From the entries below, retype only the lines from the one with "Daily Ritual is" through the one with "人們扛著法國前總統席哈克(Jacques Chirac)的棺木,準備將席哈克葬在聖敘爾比斯教堂(Saint Sulpice)。", exactly as written.

> _Records to use_:
▬▬▬▬▬▬▬▬▬▬

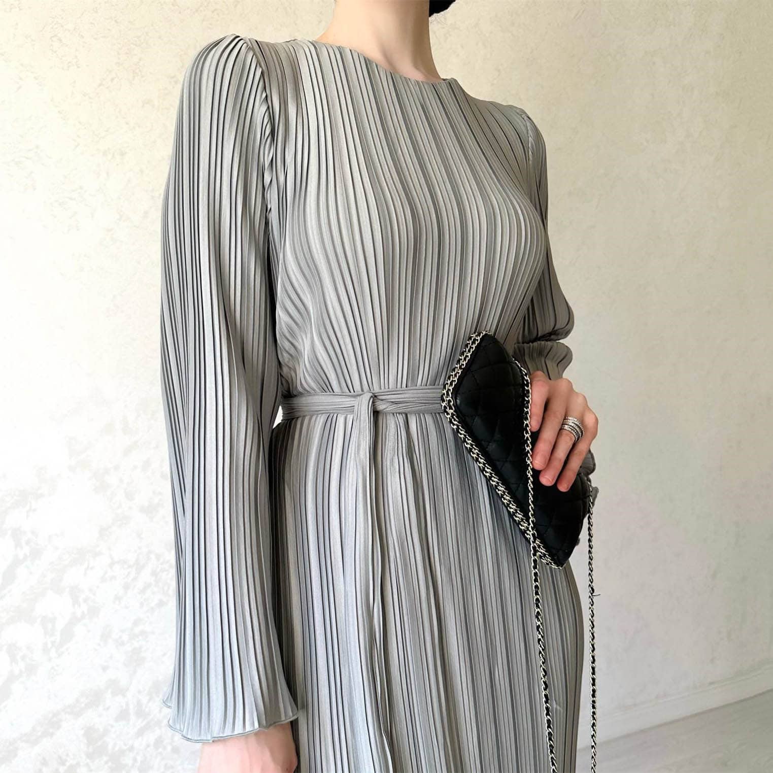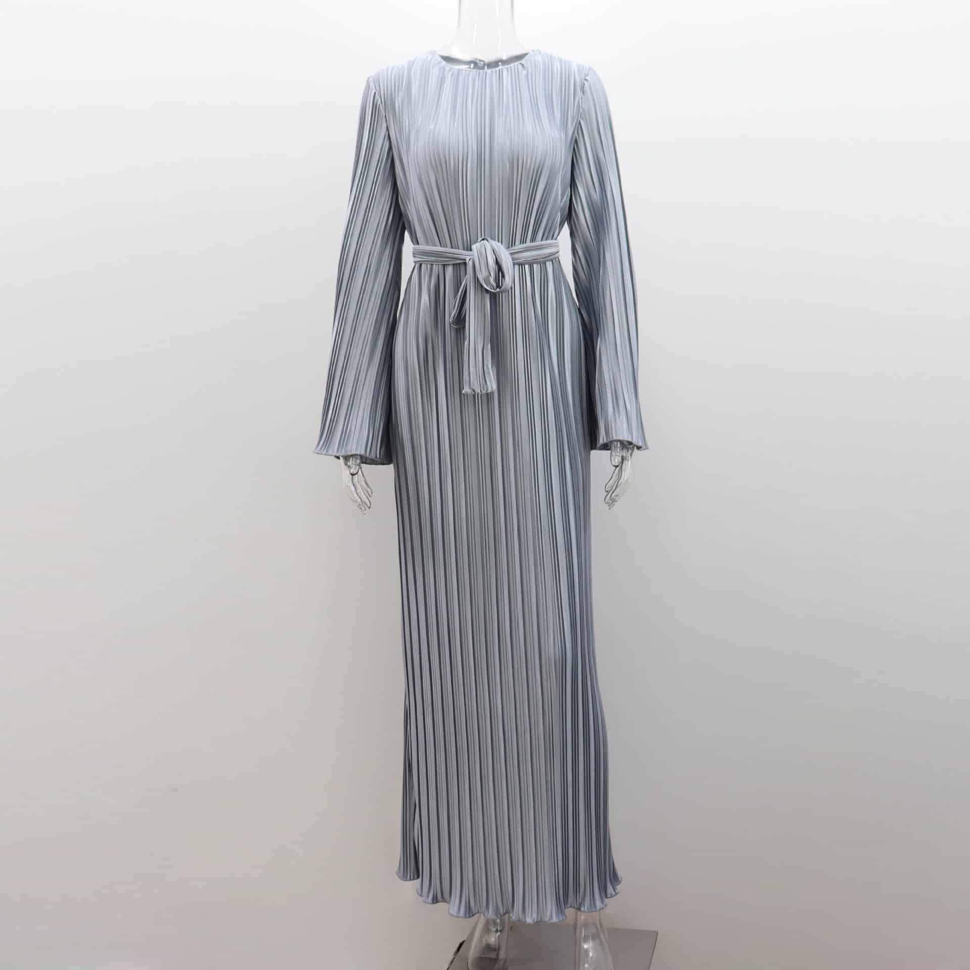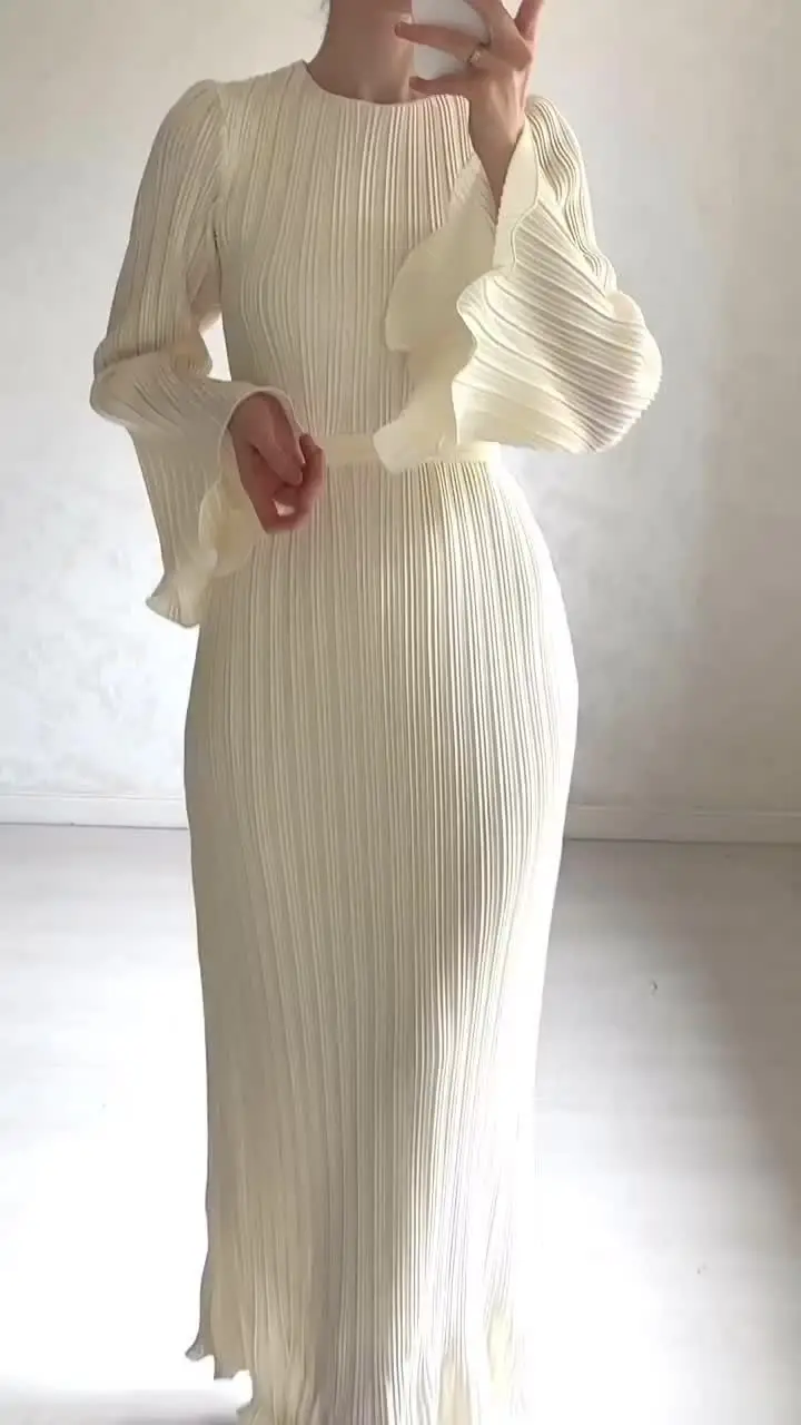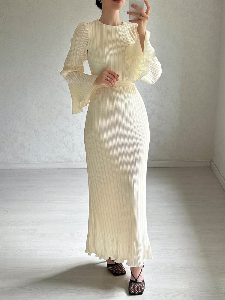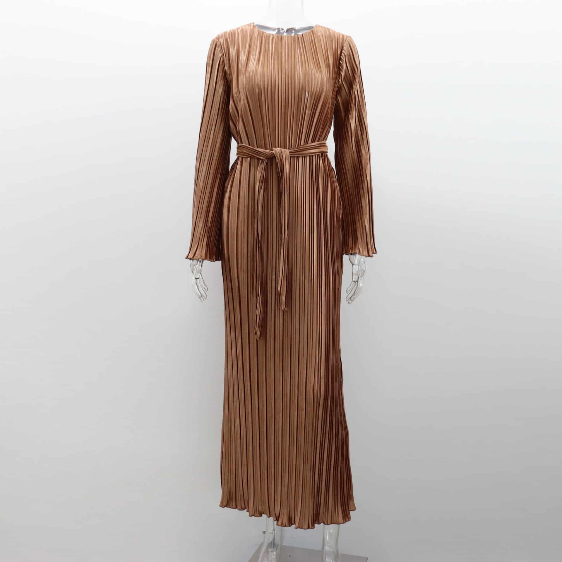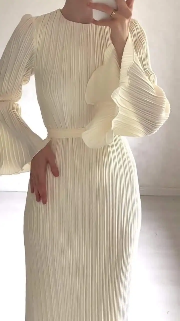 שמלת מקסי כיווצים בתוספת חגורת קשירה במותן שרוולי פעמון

▬▬▬▬▬▬▬▬▬▬

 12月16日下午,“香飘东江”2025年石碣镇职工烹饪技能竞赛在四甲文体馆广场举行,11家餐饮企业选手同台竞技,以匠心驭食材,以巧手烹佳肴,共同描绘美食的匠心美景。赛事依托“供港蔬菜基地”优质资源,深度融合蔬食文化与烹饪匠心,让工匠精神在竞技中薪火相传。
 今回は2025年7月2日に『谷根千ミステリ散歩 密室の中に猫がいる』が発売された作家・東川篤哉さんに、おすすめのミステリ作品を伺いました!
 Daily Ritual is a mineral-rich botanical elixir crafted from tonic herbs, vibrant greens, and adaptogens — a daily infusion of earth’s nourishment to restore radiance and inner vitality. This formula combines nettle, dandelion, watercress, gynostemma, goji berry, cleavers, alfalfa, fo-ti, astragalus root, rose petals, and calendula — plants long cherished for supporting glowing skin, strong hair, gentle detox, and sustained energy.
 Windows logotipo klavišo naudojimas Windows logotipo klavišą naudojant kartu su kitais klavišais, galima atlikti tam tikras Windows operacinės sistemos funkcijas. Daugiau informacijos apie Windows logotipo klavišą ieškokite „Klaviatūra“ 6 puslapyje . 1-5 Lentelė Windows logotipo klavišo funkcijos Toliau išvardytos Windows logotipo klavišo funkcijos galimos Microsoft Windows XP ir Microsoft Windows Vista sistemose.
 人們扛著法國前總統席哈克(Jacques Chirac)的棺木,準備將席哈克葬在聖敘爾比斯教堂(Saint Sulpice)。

▬▬▬▬▬▬▬▬▬▬

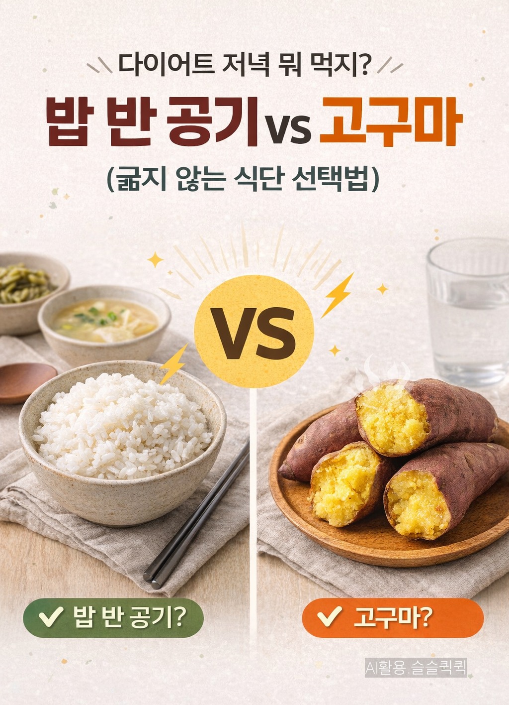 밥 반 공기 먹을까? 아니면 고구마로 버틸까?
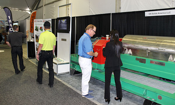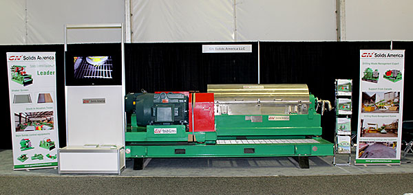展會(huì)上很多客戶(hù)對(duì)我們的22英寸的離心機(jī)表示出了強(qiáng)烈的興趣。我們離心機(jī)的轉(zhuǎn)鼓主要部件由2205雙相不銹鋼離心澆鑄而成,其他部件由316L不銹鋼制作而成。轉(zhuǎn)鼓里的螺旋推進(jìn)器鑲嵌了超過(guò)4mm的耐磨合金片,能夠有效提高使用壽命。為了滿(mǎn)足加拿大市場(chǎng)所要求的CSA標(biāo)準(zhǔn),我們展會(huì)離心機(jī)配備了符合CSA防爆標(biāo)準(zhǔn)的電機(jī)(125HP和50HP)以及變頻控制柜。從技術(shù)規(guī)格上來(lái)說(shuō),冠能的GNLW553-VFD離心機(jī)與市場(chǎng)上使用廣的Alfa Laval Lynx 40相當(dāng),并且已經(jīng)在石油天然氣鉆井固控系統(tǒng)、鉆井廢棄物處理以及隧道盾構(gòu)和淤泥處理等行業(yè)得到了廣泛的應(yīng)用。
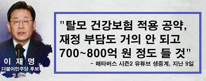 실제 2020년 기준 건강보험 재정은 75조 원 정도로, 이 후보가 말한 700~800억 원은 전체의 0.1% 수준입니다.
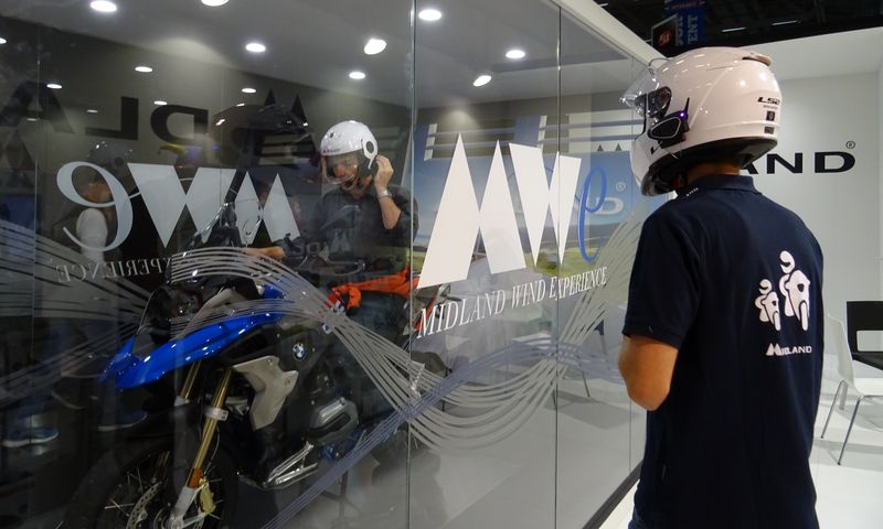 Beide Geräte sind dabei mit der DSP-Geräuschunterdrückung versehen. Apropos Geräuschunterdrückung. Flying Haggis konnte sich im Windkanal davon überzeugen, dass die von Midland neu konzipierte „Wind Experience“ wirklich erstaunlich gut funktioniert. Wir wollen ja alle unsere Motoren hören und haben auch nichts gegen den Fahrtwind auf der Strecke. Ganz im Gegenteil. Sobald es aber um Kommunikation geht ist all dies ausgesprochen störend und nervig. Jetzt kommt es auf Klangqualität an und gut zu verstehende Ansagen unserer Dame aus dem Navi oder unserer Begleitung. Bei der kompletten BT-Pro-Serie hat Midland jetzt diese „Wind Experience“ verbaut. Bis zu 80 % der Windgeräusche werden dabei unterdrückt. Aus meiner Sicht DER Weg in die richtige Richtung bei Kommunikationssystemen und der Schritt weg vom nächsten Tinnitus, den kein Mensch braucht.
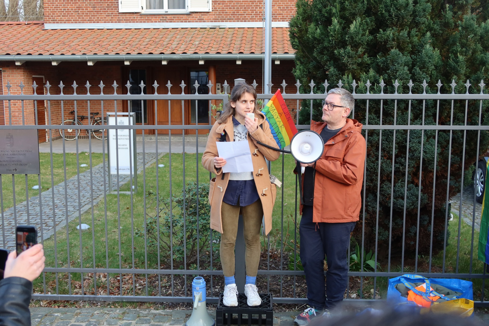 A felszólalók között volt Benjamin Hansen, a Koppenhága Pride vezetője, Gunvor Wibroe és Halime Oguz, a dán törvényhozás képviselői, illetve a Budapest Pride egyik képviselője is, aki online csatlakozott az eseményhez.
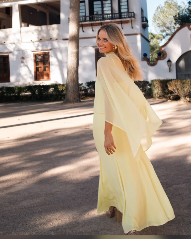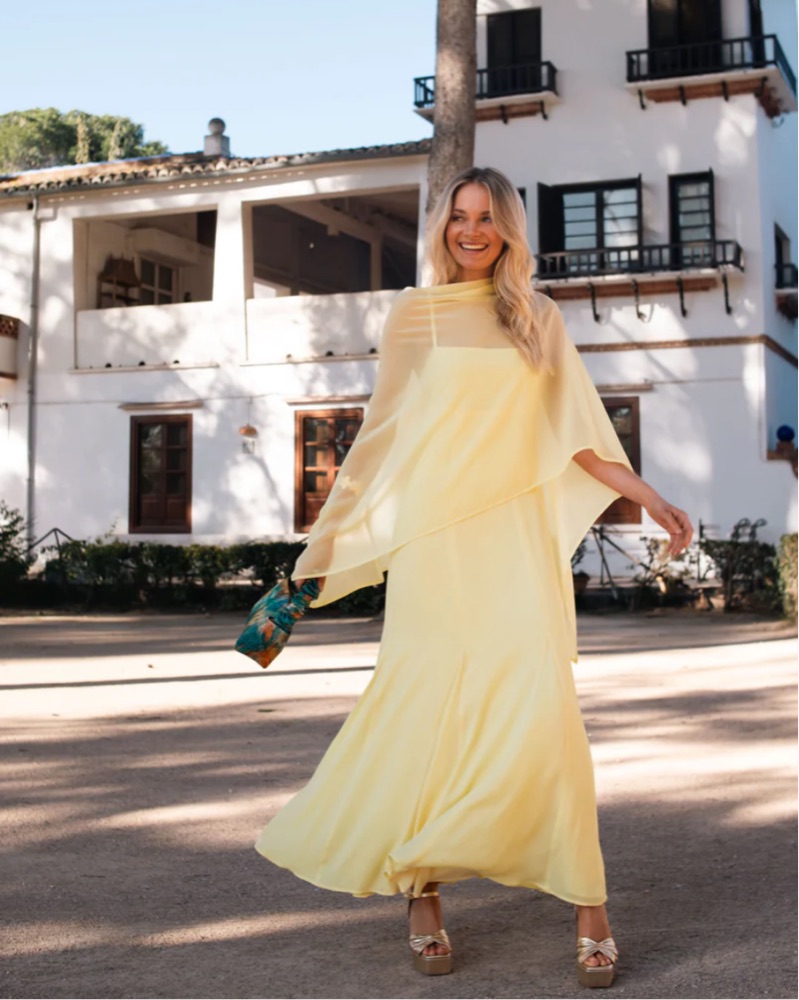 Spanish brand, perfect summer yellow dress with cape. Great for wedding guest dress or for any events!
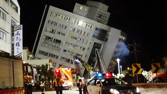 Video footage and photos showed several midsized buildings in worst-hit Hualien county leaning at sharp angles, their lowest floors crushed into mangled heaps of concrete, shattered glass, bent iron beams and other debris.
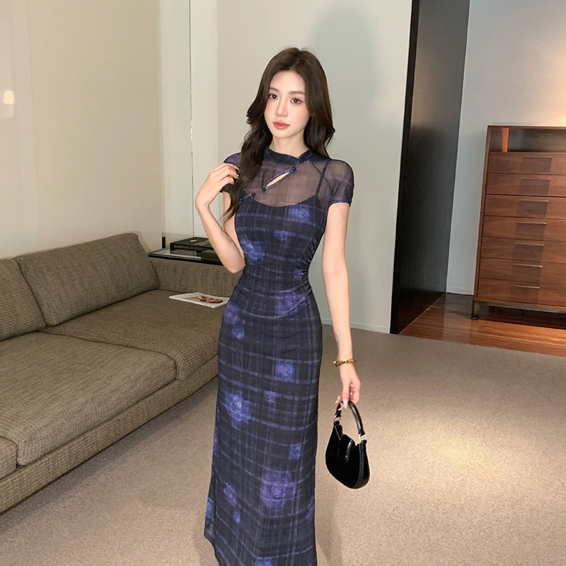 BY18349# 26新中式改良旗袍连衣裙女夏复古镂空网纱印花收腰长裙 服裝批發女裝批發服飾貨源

▬▬▬▬▬▬▬▬▬▬

> _Solution below_:
 Daily Ritual is a mineral-rich botanical elixir crafted from tonic herbs, vibrant greens, and adaptogens — a daily infusion of earth’s nourishment to restore radiance and inner vitality. This formula combines nettle, dandelion, watercress, gynostemma, goji berry, cleavers, alfalfa, fo-ti, astragalus root, rose petals, and calendula — plants long cherished for supporting glowing skin, strong hair, gentle detox, and sustained energy.
 Windows logotipo klavišo naudojimas Windows logotipo klavišą naudojant kartu su kitais klavišais, galima atlikti tam tikras Windows operacinės sistemos funkcijas. Daugiau informacijos apie Windows logotipo klavišą ieškokite „Klaviatūra“ 6 puslapyje . 1-5 Lentelė Windows logotipo klavišo funkcijos Toliau išvardytos Windows logotipo klavišo funkcijos galimos Microsoft Windows XP ir Microsoft Windows Vista sistemose.
 人們扛著法國前總統席哈克(Jacques Chirac)的棺木,準備將席哈克葬在聖敘爾比斯教堂(Saint Sulpice)。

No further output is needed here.